Miami K-9 may have been starved to death
MIAMI — Investigators believe Dynasty, a Miami police bloodhound who specialized in tracking down missing persons, died of starvation, The Miami Herald has learned.
The dog's partner, Officer Rondal Brown, 48, a decorated veteran police officer, has been relieved of duty with pay as internal affairs detectives probe Dynasty's death. The police dog stayed with Brown at his home.
"I know for certain that Ron would never intentionally starve a dog. That's just absolutely out of the question," Matthewman said.
The case is being probed by Miami's internal affairs unit and the Miami-Dade state attorney's office. Police and prosecutors declined to comment on the ongoing criminal probe.

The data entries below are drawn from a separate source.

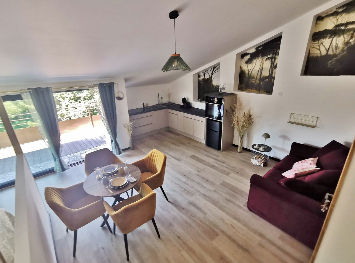 🌞 Witamy w naszym uroczym aneksie o powierzchni 42 m², pośrodku bujnej nieruchomości, otoczonej wieloma atrakcjami turystycznymi w regionie Var 🏞️! Ten mały, spokojny ośrodek, otoczony bujnym ogrodem🌸, oferuje idylliczną scenerię na czas pobytu. Dzięki wygodnej i starannie zaplanowanej przestrzeni🛋️ mieszkalnej będziesz mieć również ekskluzywny dostęp do naszego odświeżającego basenu🏊♂️. Mały raj dla niezapomnianych wspomnień🌟!
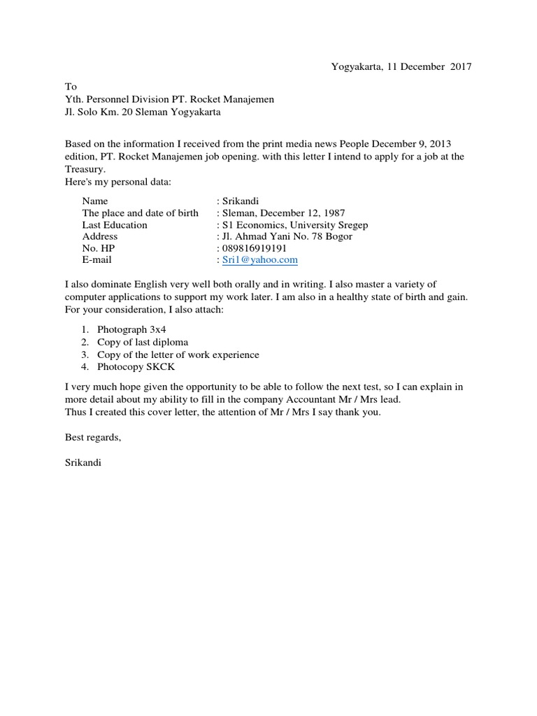 15 Contoh Surat Lamaran Kerja Bahasa Inggris Lengkap Artinya from www.99.co Tak hanya itu, sudah banyak perusahaan atau instansi yang menjadikan lamaran kerja dalam bahasa inggris sebagai salah satu syarat rekrutmen. Isinya pernyataan melamar kerja, pencapaian, … Cover letter bisa disebut juga sebagai surat pengantar saat hendak melamar sebuah pekerjaan. Oct 21, 2021 · contoh cover letter dalam bahasa inggris beserta arti lengkap oleh yona may diposting pada 21/10/2021. Apakah sama dengan curriculum vitae? Memiliki kemampuan berbahasa inggris yang baik secara pasif dan terlebih aktif akan menambah nilai jual seseorang dalam dunia kerja. Aug 11, 2021 · di dalam contoh cover letter bahasa inggris ini, pelamar memberikan bullet point mengenai lampiran dokumen yang disertakan. Oct 05, 2017 · oct 05, 2017 · 7 contoh cover letter bahasa inggeris dapat pujian ceo | siapa tidak kenal dengan nama yang tidak asing lagi ir meor shamshir yang selalu berkongsi pendapat atau cerita tentang anak muda di dalam dunia pekerjaan.
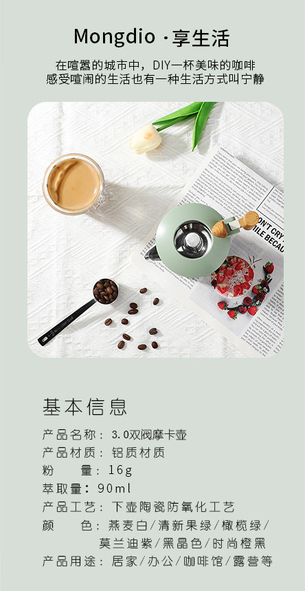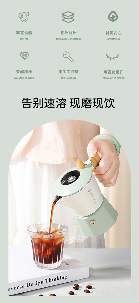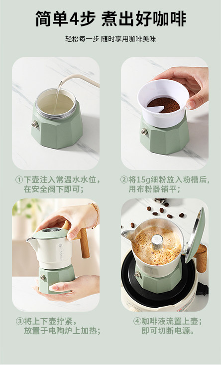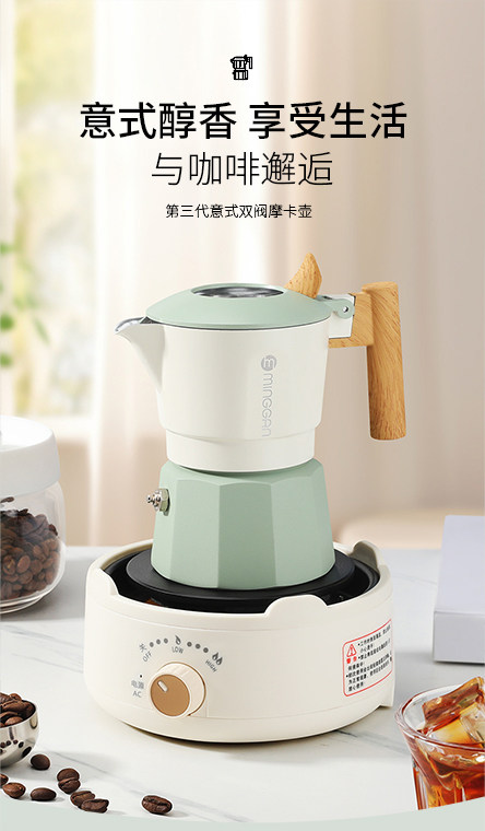 Mongdio Moka Pot Double Valve Home Coffee Maker Italian Espresso Small Coffee Machine Extraction Pot Set
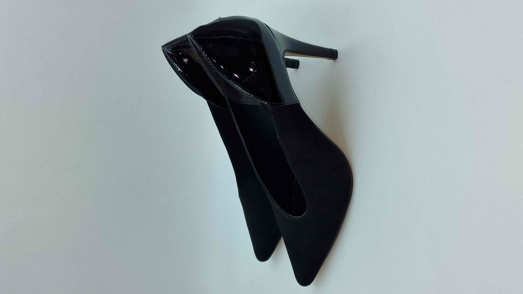 FONDO IN GOMMA, TACCO 8,5 CM FASCIATO IN VERNICE
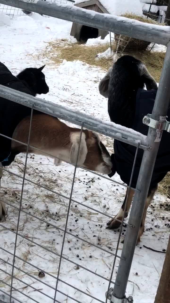 Goats and sheep bleat loudly. One goat sounds like a small child yelling. People laugh.
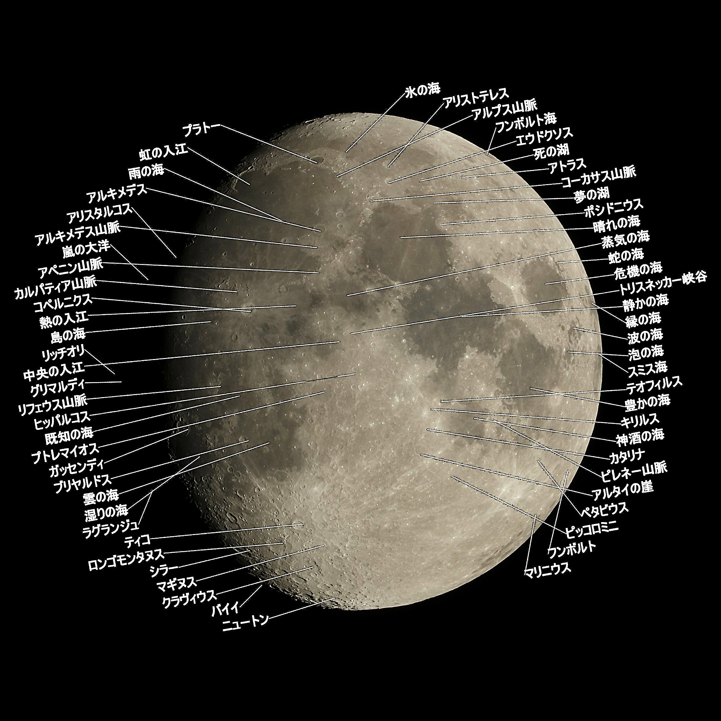 画像2 月面の地名(南側の縁はほんの少しだけずれているかもしれません、概略の位置は把握できます)

The investigation has sent shock waves through the department, where Brown remains a popular figure.
"Shocked is probably the best way to describe the fact there might be a problem. He's always been a wonderful guy every time I've dealt with him," said Detective Delrish Moss, a police spokesman.

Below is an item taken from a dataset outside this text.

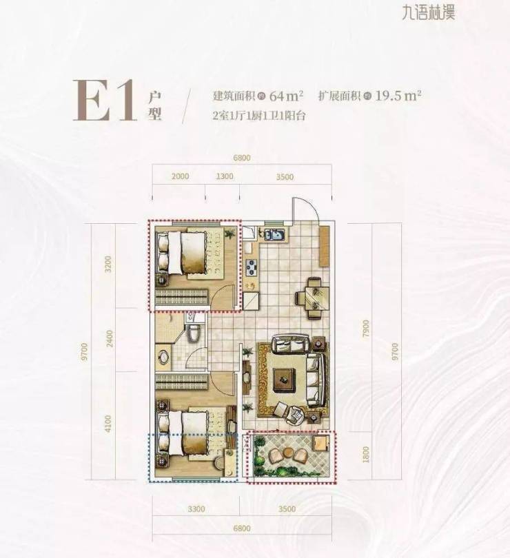 C1 C2 户型 l 4室2厅1厨3卫3庭院 建筑面积约:89.5㎡
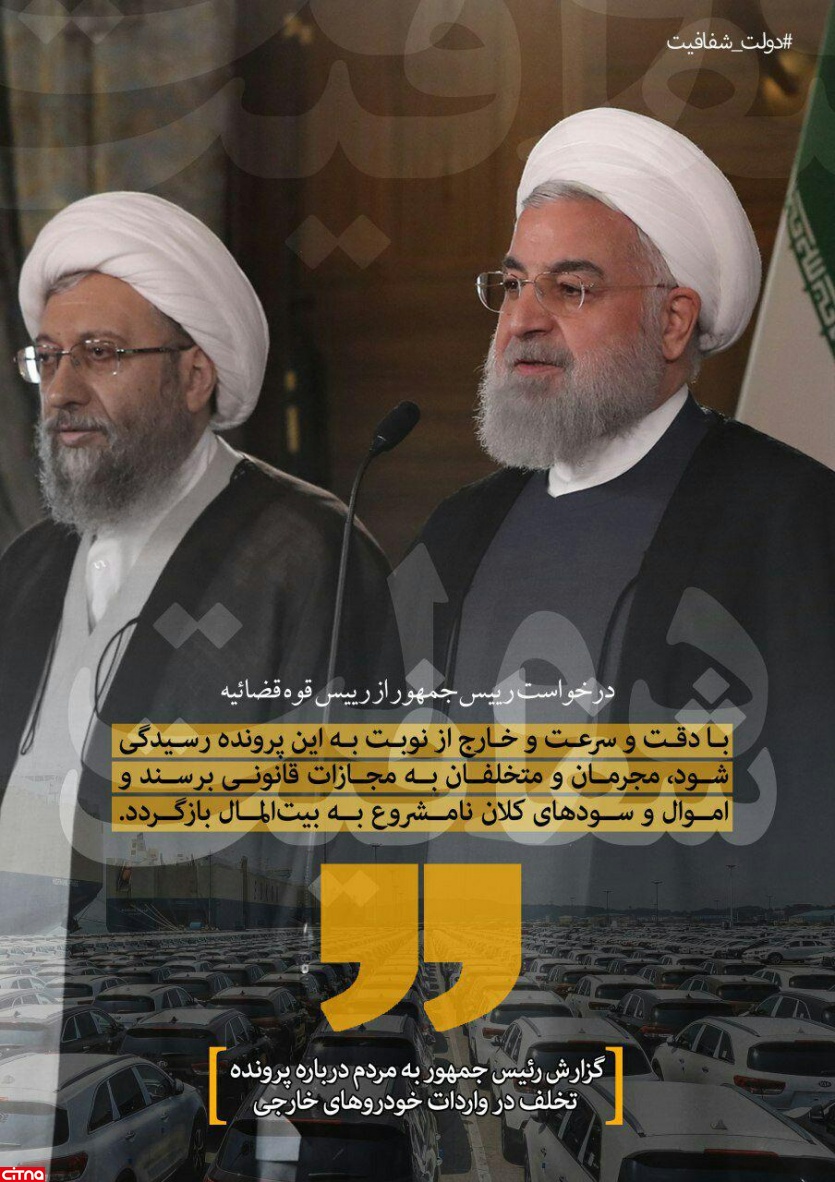 استوری های جدید اینستاگرام روحانی دربارهی شفافیت و دستورات وی برای رسیدگی به فساد واردات خودرو منتشر شد.

Brown was hired in 1987 and has spent most of his two decades working with police dogs. He is married to Florence Edwards Brown, a Broward County sheriff's deputy.

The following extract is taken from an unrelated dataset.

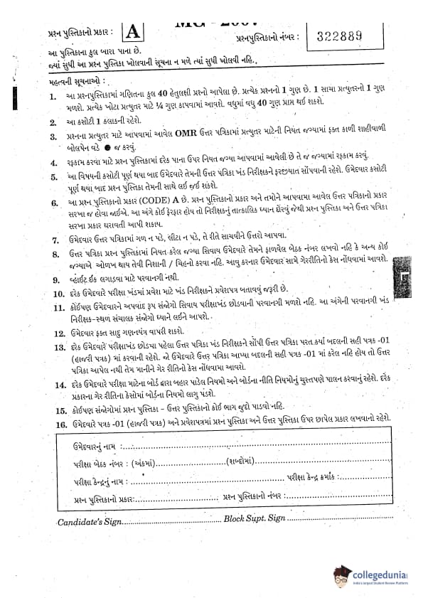 GUJCET 2007 Mathematics Question paper with answer key pdf is available for download. The exam was successfully organized by GSEB. The question paper comprised a total of 80 questions.

His personnel file, made public on Wednesday, is squeaky clean -- no major allegations of misconduct. He boasts more than 30 letters of commendation.
In a recent evaluation, a superior wrote:
"Officer Brown maintains a bloodhound in top condition, ready to respond to person searches for children and elderly missing persons," and "K-9 work is dirty. Officer Brown maintains a professional appearance at all times."
The police department declined to provide background on Dynasty.
Matthewman said Dynasty "was a dog Brown dearly loved."
The attorney added that Brown had recently been dealing with a heart condition and had been on light-desk duty.
Brown is the second K-9 officer in Miami-Dade County to be investigated for the death of his animal partner.
Last year, Miami-Dade Sgt. Allen Cockfield was arrested after police say he fatally kicked his German shepherd, Duke. Cockfield pleaded not guilty and is awaiting trial on charges of animal cruelty and killing a police dog, a third-degree felony.
Two such investigations -- in the same county within one year -- is rare in police K-9 circles, said Harold Bennett, president of the North American Police Work Dog Association.
"You don't see that too often. Usually there is a bond between the dog and the handler," Bennett said.